Heresy in headlines: Raising questions about our social-media addiction and online buzz

They say most American Christians have little interest in doctrine. Perhaps the upcoming 500th anniversary of the Protestant Reformation will briefly change that. Yet theological debates can produce lively news stories, and lately heresy has been in the headlines.

Emily McFarlan Miller, a Protestant-beat specialist with Religion News Service, proposed the “Top 5 ‘heresies’ of 2016” in an interesting December 29 piece. Then a January 3 Washington Post article by theologian Michael Horton of Westminster Seminary-California associated the H-word with President-elect Donald Trump because he favors Paula White and other “prosperity evangelists who cheerfully attack basic Christian doctrines.”

Miller’s list has two items that got considerable mainstream media ink:( 1) The ruckus over ousted Wheaton College Professor Larycia Hawkins and whether Christians and Muslims worship the same God. (2) Contentions that an ambiguous 2016 decree from Pope Francis means Catholics who remarry without annulments can receive Communion.

The other three debates were mostly limited to evangelical Protestant circles. Philadelphia Pastor Liam Goligher accused theologian Wayne Grudem and other “complementarians” who see wives as subordinate to husbands of heresy in also subordinating Jesus the divine Son to God the Father. The two other disputes involve Georgia Southern Baptist Andy Stanley, said to undercut the Bible’s unique authority and the centrality of Jesus’ Virgin Birth.

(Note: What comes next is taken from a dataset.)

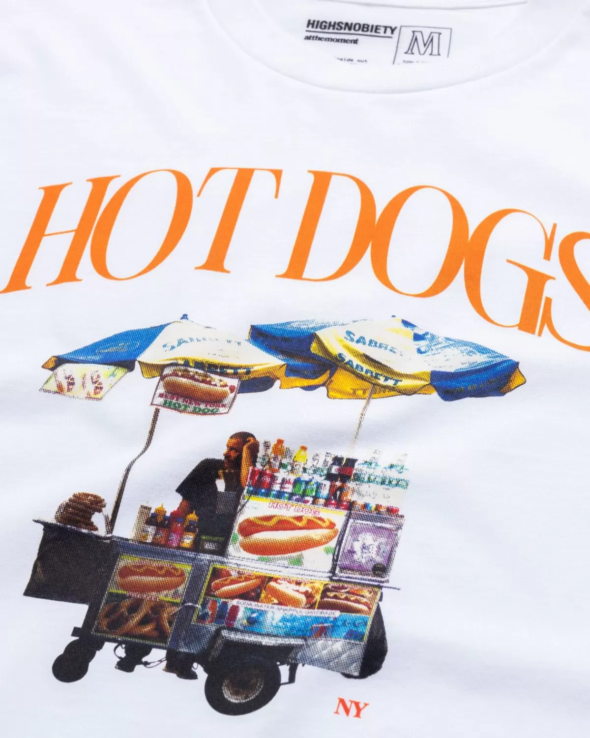 Hoewel De Hot Dog Oorspronkelijk In Duitsland Werd Uitgevonden, Is Hij Uitgegroeid Tot Een Vast Onderdeel Van De On-The-Go-Dinerscene Van New York. Dit T-Shirt Met Korte Mouwen Is Een Samenwerking Met At The Moment En Heeft Een Biologisch Afbreekbare Grafische Print Op De Voorkant Van Een Klassiek Hotdogkarretje Met Drankjes En Pretzels Op Sleeptouw.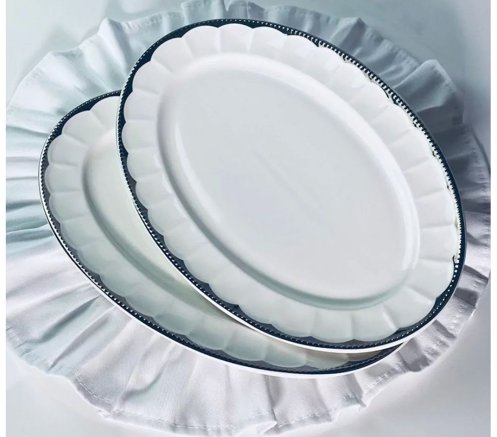 Коллекция фарфоровой посуды Империал невероятно торжественна и утончена. Отделка серебром создает вневременное и романтическое очарование, которое нравится людям всех возрастов. Посуду можно использовать для повседневного ужина, особых случаев или в качестве декоративного предмета. Сервизы, наборы посуды и отдельные предметы сервировки упакованы в подарочные коробки. Рекомендуется мыть вручную. Размер блюд 30,8х20,5х1,5 см

Horton spurns the “word of faith” or “prosperity gospel” movement as a merger between the “new thought” typified by Christian Science and Norman Vincent Peale’s “positive thinking.” In addition to White, Horton targets Kenneth Copeland, Benny Hinn, T.D. Jakes, Joyce Meyer, and Joel Osteen. (White, who will pray at Trump’s inauguration -- see this recent Julia Duin post here at GetReligion -- rejects the “prosperity” label for herself.)

This theological news causes the Religion Guy to contemplate our omnipresent social media.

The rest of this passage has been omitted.